> **ASSIGNED TASK**: Look at each line below and count those with the word "назначения"; the answer is that number only.

> **EXCERPTED RECORDS**:
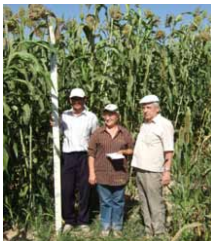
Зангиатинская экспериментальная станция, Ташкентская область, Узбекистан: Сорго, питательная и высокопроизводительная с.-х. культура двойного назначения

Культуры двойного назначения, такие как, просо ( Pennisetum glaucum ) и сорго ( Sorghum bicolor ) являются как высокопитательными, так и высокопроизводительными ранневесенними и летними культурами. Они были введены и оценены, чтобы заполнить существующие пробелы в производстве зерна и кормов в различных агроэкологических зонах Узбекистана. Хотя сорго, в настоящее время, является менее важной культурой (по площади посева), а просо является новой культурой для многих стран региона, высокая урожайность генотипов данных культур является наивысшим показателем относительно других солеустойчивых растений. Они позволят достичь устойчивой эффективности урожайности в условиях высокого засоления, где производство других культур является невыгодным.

...

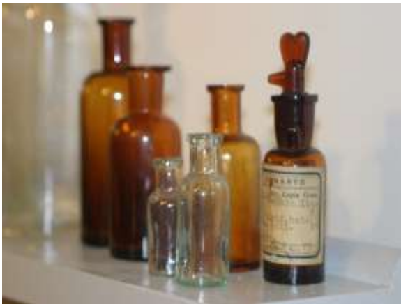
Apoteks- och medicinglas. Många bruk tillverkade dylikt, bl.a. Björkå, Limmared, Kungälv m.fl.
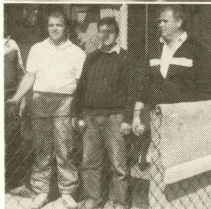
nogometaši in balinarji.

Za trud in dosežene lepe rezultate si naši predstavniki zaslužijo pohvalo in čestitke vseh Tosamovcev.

* * *

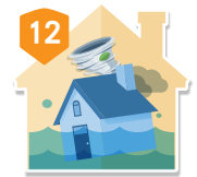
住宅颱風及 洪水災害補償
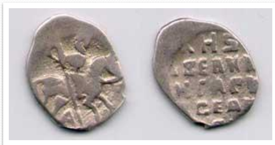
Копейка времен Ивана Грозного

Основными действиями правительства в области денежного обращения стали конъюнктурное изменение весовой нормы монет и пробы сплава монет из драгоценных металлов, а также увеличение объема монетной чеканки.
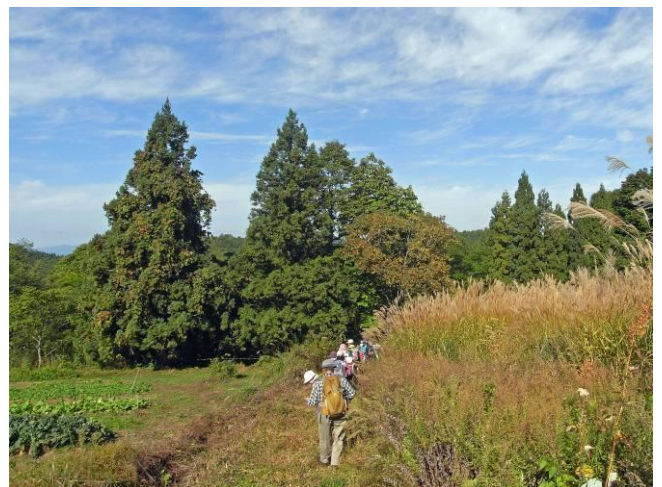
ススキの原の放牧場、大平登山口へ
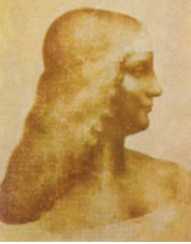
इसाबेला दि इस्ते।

> **ANSWER TO THE PROBLEM**: 2